Page 6 of Dearest


  “Well, don’t go doing it again.”

  Those gray eyes narrowed into icy slivers. “We may share a destiny, sir, but you do not know me, my family, or the chaos that skips merrily in our wake. I will very likely do that again, or worse, and you have no control over it now, nor will you. Understand?”

  It was eerie how her words mirrored the ones he’d felt only moments before. Tristan hadn’t had a woman put him so firmly in his place since before their mother died. He supposed he deserved it—he just couldn’t seem to control his emotions lately. “Yes, milady. Please accept my apologies, and my extreme gratitude for the healing.”

  “She’s not a healer,” the twins chorused.

  Friday grinned. “They’re a quick study.”

  “She’s a seamstress,” Christian finished with a smile.
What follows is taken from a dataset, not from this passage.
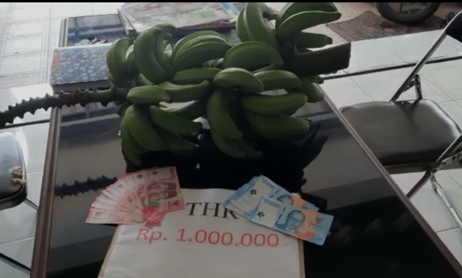 Kantor BNN Kota Tasikmalaya dikirimi aktivis setandan pisang dan uang mainan imbas surat minta THR ke PO Budiman, Rabu (12/4/2023).*
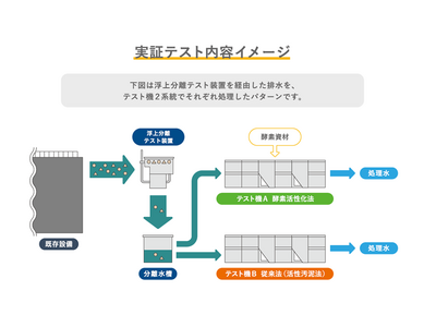 1.既存設備から直接取水した排水、および浮上分離テスト装置を経由した排水の2種類を、従来の活性汚泥法と本システムの酵素活性化法の2系統の小型テスト機を用いて処理し測定します。

And then his smile fell. “A . . . seamstress,” he repeated, and then shook his head. “Milady, you have found yourself among a bevy of idiots.”

  “Sorry?” Tristan had no idea what his brother was on about. He was too distracted by those eyes, that smile, and the happy realization that she had not yet excused herself from his arms.

  Sebastien hopped up and slapped his thigh. “YES!”

  Elisa quietly covered her mouth with her hands.

  “It makes so much sense,” said François. “How could we have overlooked that? Has it been so long?”

  “The question is,” said Philippe with great condescension, “can she weave?”

  “Of course I can weave.” The princess seemed annoyed at the very idea that she might lack such simple knowledge.

  “Of course she can weave,” Tristan repeated breathlessly, and then cradled her tightly in his arms again, hugging her close. It was destiny. She was going to save them. She was going to help break this blasted curse and save them all. And if she did that, she could have his heart and what little else that came with it.

  Her cry from his shoulder was muffled. “What is going on?”

  Christian shoved Tristan back and took her hands. “Princess Friday. How much do you know about nettles?”

  5

  Prickly and Proud

  “NETTLES?” FRIDAY ASKED. “Like stinging nettles? The weeds.”

  “The very same,” said the elder blond man.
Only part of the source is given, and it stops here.